Wealth, A Marital Aphrodisiac
I put on my penguin reading glasses (my dears, at my advanced age, I will admit to using bi-focals) and took a gander after many a decade at Jane Austen’s “Pride and Prejudice.” (Do love the classics.)
And I had forgotten about that opening statement pondered by scholars and PhD’s and other students low these many, many years. (And who am I, a mere penguin to even think about commenting on such an important literary classic, I am Horace Horatio III, that’s who.)
“It is a truth universally acknowledged, that a single man in possession of a good fortune, must be in want of a wife.” (Opening sentence, Jane Austen’s “Pride and Prejudice.”)
Well that was back in 1797, (my goodness, written even before I was born) and it is now the year 2007. Quite some time has passed. My.

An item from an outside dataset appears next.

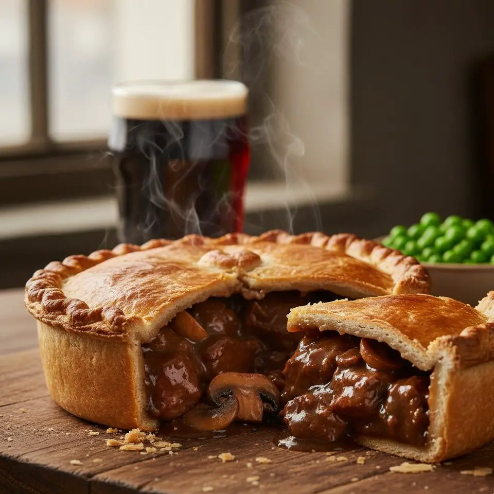 A proper pie commands the entirety of a plate. Serve a generous, steaming wedge alongside buttery, creamy mashed potatoes and vibrant green peas or minted cabbage. You should not require extra gravy, but if you do, pour a jug of hot beef stock directly over the top. A pint of bitter or a glass of robust red wine makes the perfect accompaniment.

And when I read that sentence in the year 2007, I thought to myself, “a single man in possession of a good fortune can get pretty much any wife he wants, thank you very much. No matter how ugly or unpleasant he may be, a wealthy man will never die alone, that is if he doesn’t feel like it.”
(And I think that applies to wealthy women as well.)
Such a cynic that my vast and important life has made me.
But it is my observation that this notion of “inner beauty” and “inner wealth,” although much chit chatted about, doesn’t really count for much, or if truth be told, if anything, when it comes right down to this mating thing.
Well, looks help, but wealth is so much more of an marital aphrodisiac.
There’s nothing like a good bankruptcy to find out who your friends really are, or if you end up with any friends at all. So the wealthy out there, do stay solvent and prosper and pick the human of your dreams. Most likely he or she will be most obliging.